Schistosomiasis is the most prevalent trematodiasis globally, caused by blood flukes of the genus Schistosoma. In particular, Schistosoma haematobium causes urogenital schistosomiasis (UGS) widely in Africa by worms residing in the venous plexus of the urinary bladder and its eggs deposited in the bladder wall.1 Sudan is an endemic area of UGS where the White Nile and Blue Nile rivers meet. In Sudan, there are several known hyperendemic locations of UGS.234 Previous studies have shown that the prevalence of S. haematobium in White Nile State, Sudan remained high, with 45.5% in 2010,4 28.5% in 2012,5 and 14.0% in 2014.6
As schistosomiasis is a neglected tropical disease (NTD) of global importance, it is one of target NTDs for global elimination programs. The elimination programs of NTDs must be supported by mass diagnostic screening and preventive chemotherapy. Therefore, it is important to implement accessible and inexpensive mass diagnostic screening test with high sensitivity. Urine microscopy (UM) to detect and count the eggs of S. haematobium has been used widely as a standard diagnostic test of UGS because it is easy and cheap to perform in remote endemic areas. However, the eggs are not regularly passed through the urine because the eggs are released only when the infected blood vessels rupture into the bladder lumen. Therefore, UM used to underestimate UGS prevalence especially in detecting light infections.7 In this context, additional methods are applied together to improve the diagnosis of UGS such as ultrasonography,6 dipstick for hematuria,89 and serology.8910
In the present study, we applied enzyme-linked immunosorbent assay (ELISA) for diagnosis of UGS by detecting the serum immunoglobulin (Ig) G antibodies reacting to soluble egg antigen of S. haematobium as well as UM. Our study aimed to establish the criteria of ELISA diagnosis and to compare diagnostic values of UM and ELISA for UGS.

METHODS

Study area and population

The materials were collected from 2011 to 2013 in 7 villages of the White Nile State, Republic of Sudan (Fig. 1).

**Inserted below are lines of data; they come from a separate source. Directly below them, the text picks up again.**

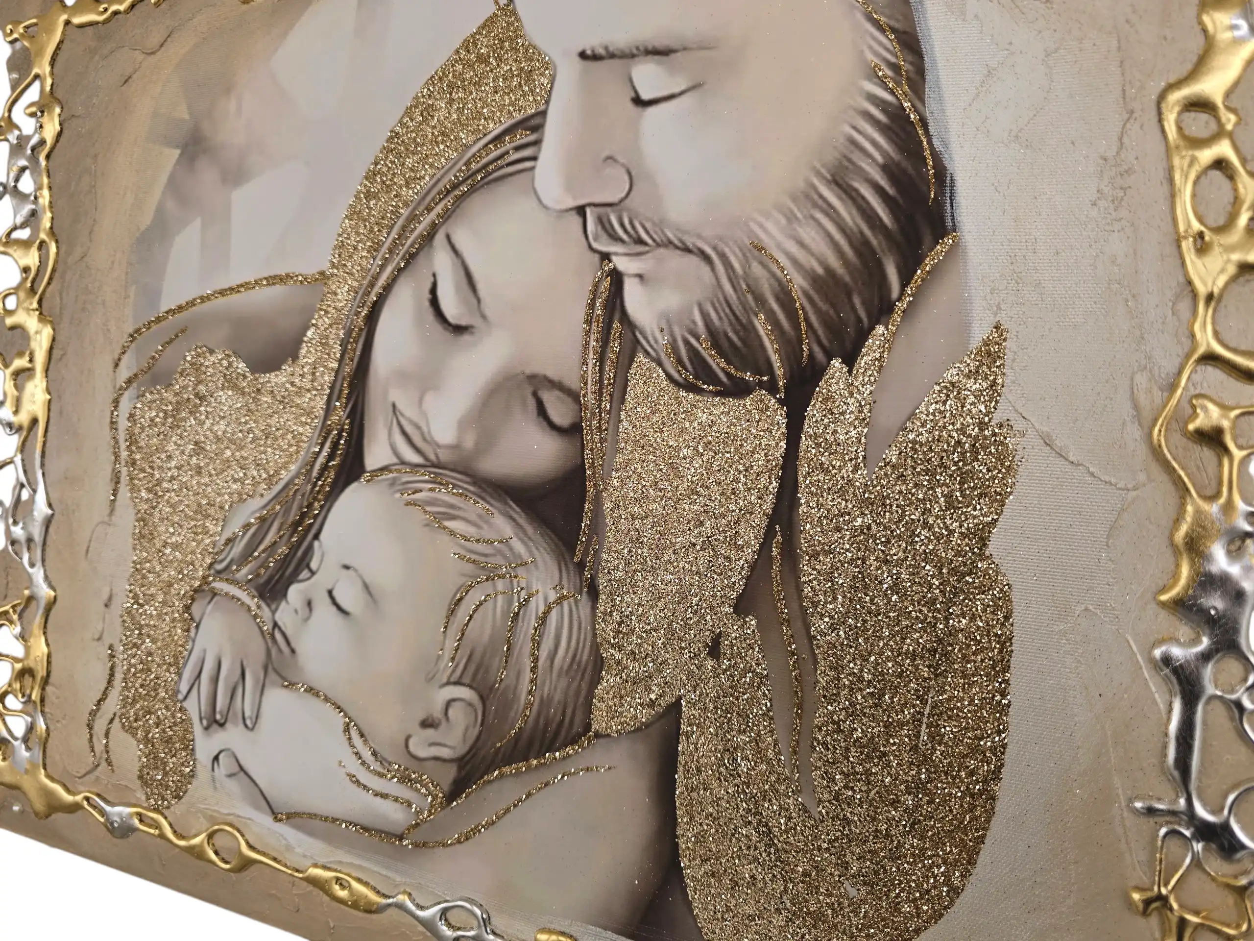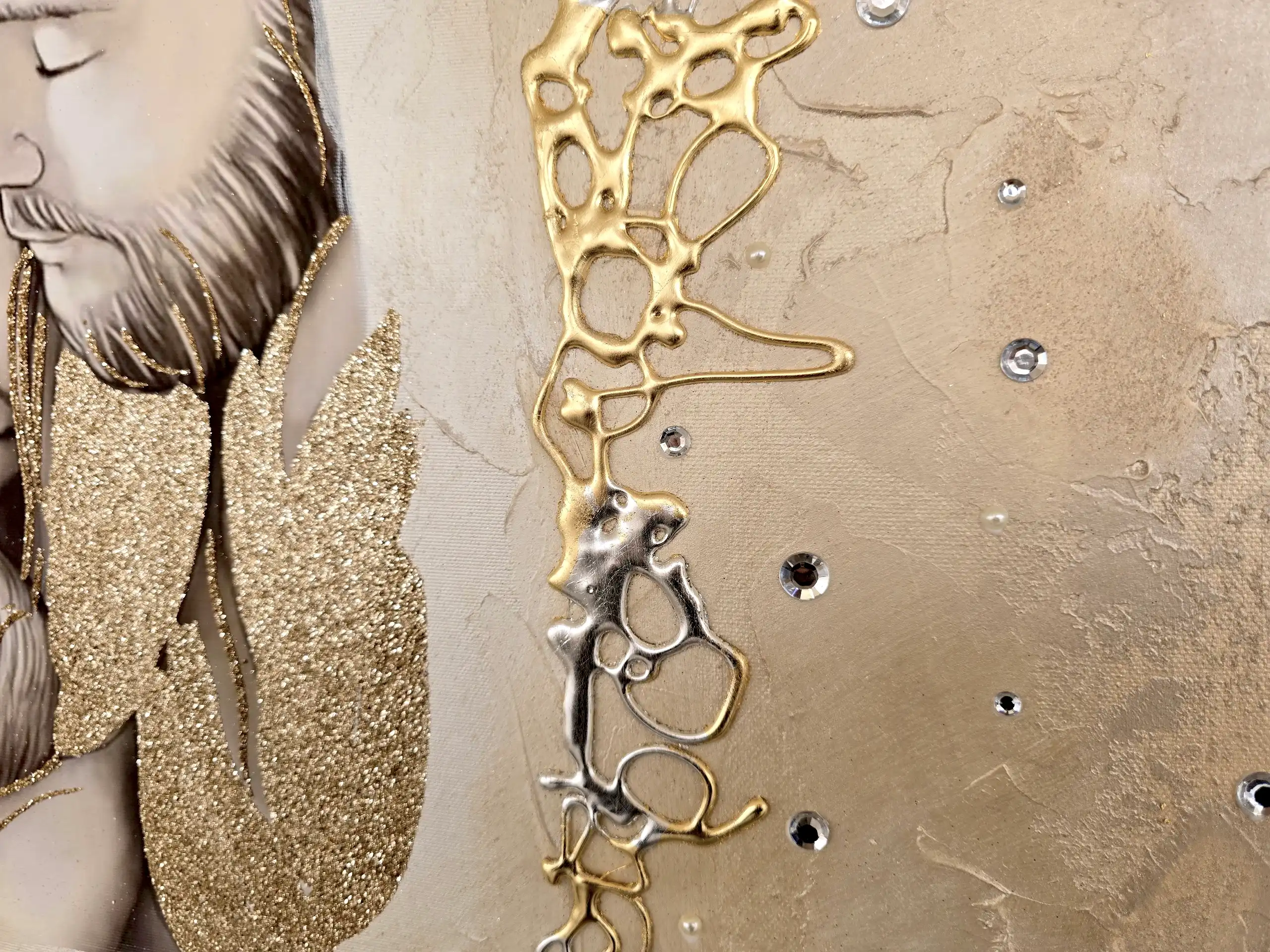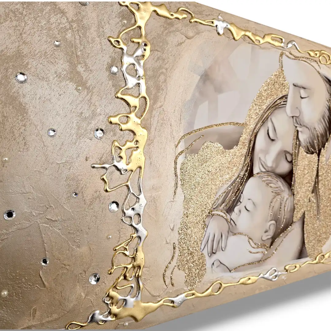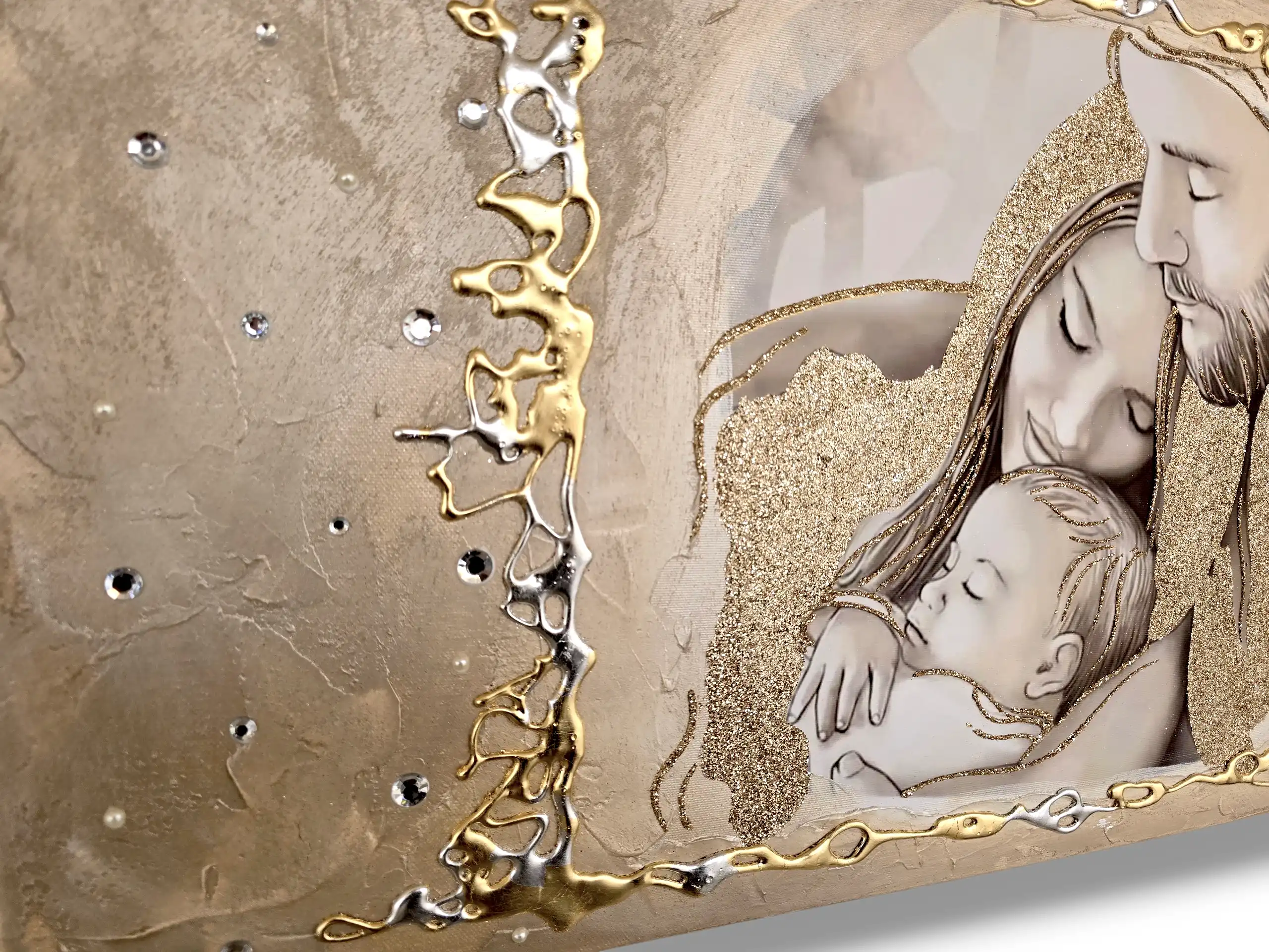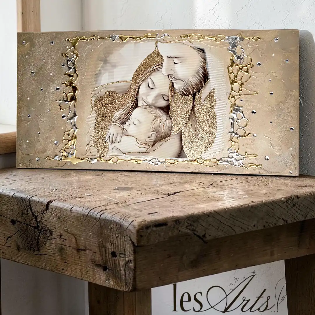 Capezzale D'Arredo realizzato su tela gallery multi-materica, realizzato , dipinto e Decorato a mano Artigianalmente. Impreziosito da particolari a rilievo in foglia oro e argento, Glitter e Strass. I dipinti Les Arts sono realizzati mediante la scelta di materiali di altissima qualità e sono già pronti da appendere e fornite di attaccaglie per la posa in opera. Prodotto 100% made in italy Dimensioni tela gallery: cm 80x40. Personalizzabile con Nomi e/o data. Tempi di realizzazione 10 giorni lavorativi circa dal momento dell'ordine Per maggiori informazioni WhatsApp 328-9210448
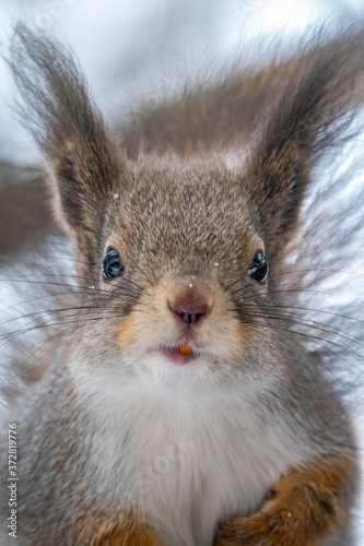 Obraz premium Portrait of a squirrel in winter or autumn.
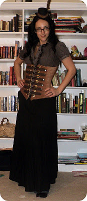 My first corset from her was a sleek, glistening, piratical thing, so I wanted something extra steampunky that would go with almost everything. I love how this brown one can be dressed up posh or dressed down for that "my airship just crashed and I need a ride to Constantinople" look.
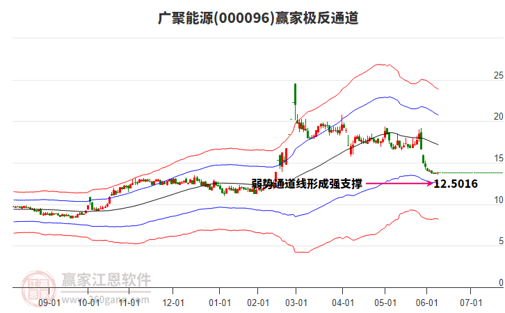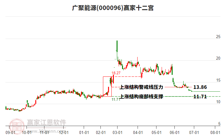 依據(jù)贏家江恩系統(tǒng)趨勢(shì)工具極反通道分析判斷廣聚能源000096運(yùn)行在生命線以下弱勢(shì)區(qū)域,根據(jù)規(guī)則該股短線輕倉(cāng)參與,股價(jià)跌至弱勢(shì)外軌線后波段再結(jié)合其它工具信號(hào)建倉(cāng)。應(yīng)用口訣是:生命線上強(qiáng)勢(shì)走,生命線下難抬頭;紅黃兩條外軌線,壓力支撐顯勢(shì)頭。
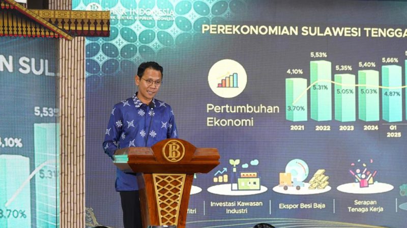 Muarasultra.com, KENDARI – Bank Indonesia (BI) Provinsi Sulawesi Tenggara (Prov. Sultra) sukses menggelar Pertemuan Tahunan Bank Indonesia (PTBI) 2025 dengan mengangkat tema optimis: “Tangguh dan Mandiri: Sinergi Mendorong Pertumbuhan Ekonomi Lebih Tinggi dan Berdaya Tahan.”
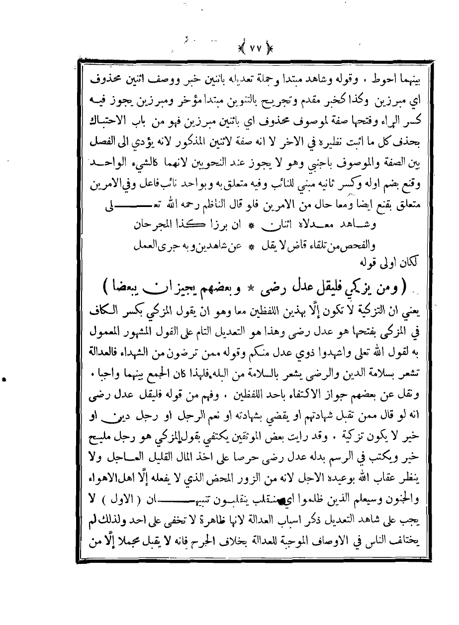 (ومن يزكي فليقل عدل رضى ... وبعضهم يجيزان يبعضا)
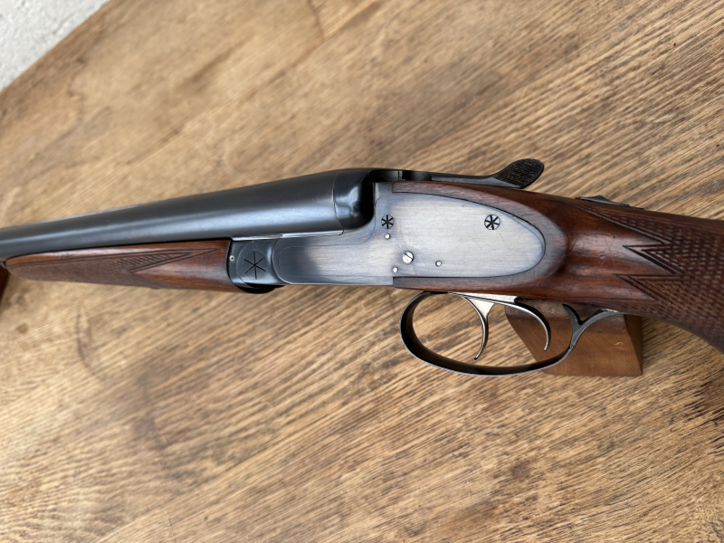 Verkauft wird eine Seitenschloß Doppelflinte Kal. 12/70, Hersteller BRNO,doppelter Laufhakenverschluß mit zusätzlicher Sperrung auf innenliegendem Greener.Verschluß dicht, Läufe blank, Doppelabzug, Lauflänge 72 cm, Schaftlänge 38 cm ,ventilierte Schaftkappe mit Lederüberzug.Laufriemenbügel fehlt
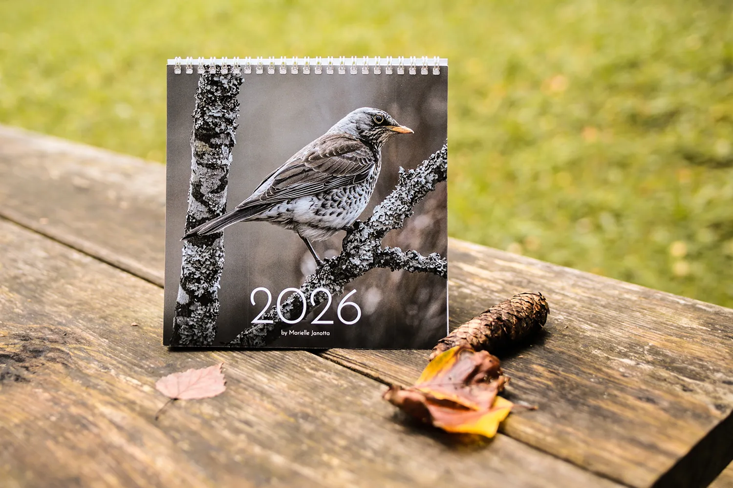 Darf ich vorstellen: Mein Tischkalender 2026 – Vögel | 20×20 cm | beidseitig bedruckt, umweltfreundlich & mit meinen eigenen Vogelfotografien.
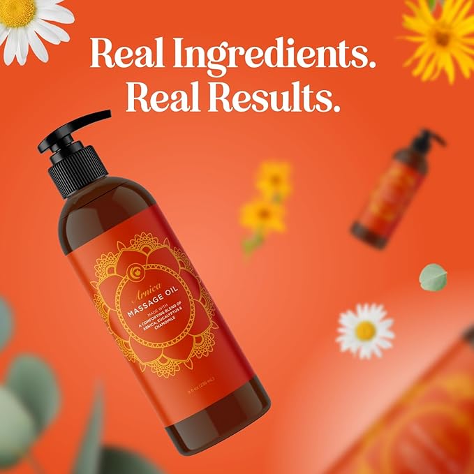 - Sore Muscle Massage Oil for Massage Therapy - Our arnica oil formula for professional or home use applies smoothly to skin to assist joint and muscle massages to help ease the mind and body
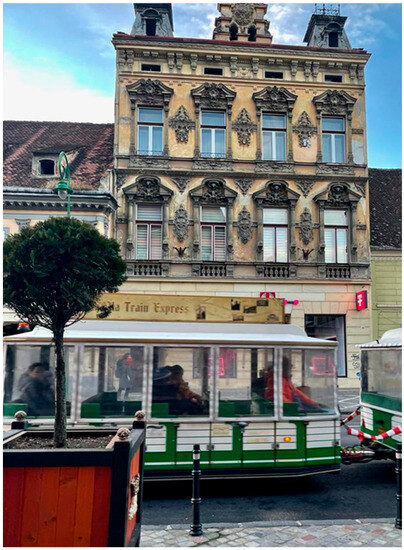 In Transylvanian cities, the Baroque can be observed on and in many buildings. Figure 8 depicts a historic edifice located at the heart of Brasov, boasting Baroque characteristics that are most prominently reflected in its ornate carvings, intricate sculptures, richly decorated moldings, and grand archways. This picture emphasizes how migrants encounter cultural differences between their country of origin and the host country. Experiencing these differences can be both overwhelming and exciting for migrants, as they have to learn how to navigate through new cultures and adapt to a new way of living.
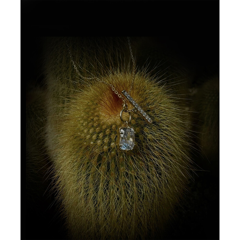 2캐럿크기의 스퀘어 다이아 시뮬렛이 포인트가 되며, 바에 10개의 다이아시뮬렛의 고급스러운 셋팅으로 고급스럽습니다.
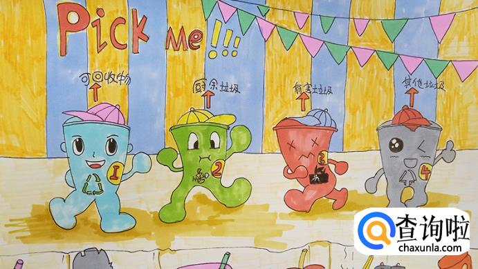 首先画出一个垃圾桶的形状再画两只脚,接着画它的帽子的五官,然后画它的手和序号标识,之后在旁边画帽子和垃圾桶,画出它的四肢和五官,在后面画出舞台,然后在画出下面的观众,在上面画出旗子,在舞台写英文母pickme,那么垃圾分类儿童画就完成了。
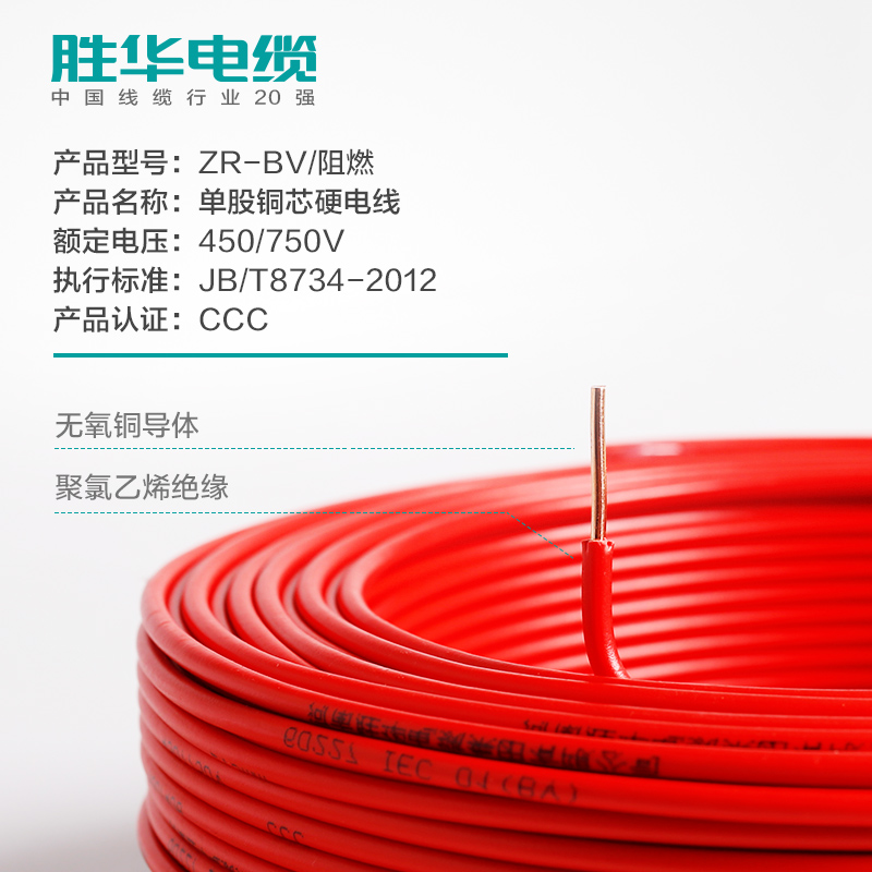 德赢VWIN阻燃电线ZR-BV-1.52.546平方国标单股铜芯电线

The 7 villages included Abu Sharif, Al Hideb, Al Jabalain, Al Zelit, Azhari, Campo, and Khor Ajwal. The subjects collected in 2013 for this study were also included partially in another study for diagnosis of UGS by ultrasonography.6
Fig. 1

Location of White Nile State in Sudan. The red-colored area on the left indicates White Nile State in Sudan, the White Nile River is crossing the whole state from south to north.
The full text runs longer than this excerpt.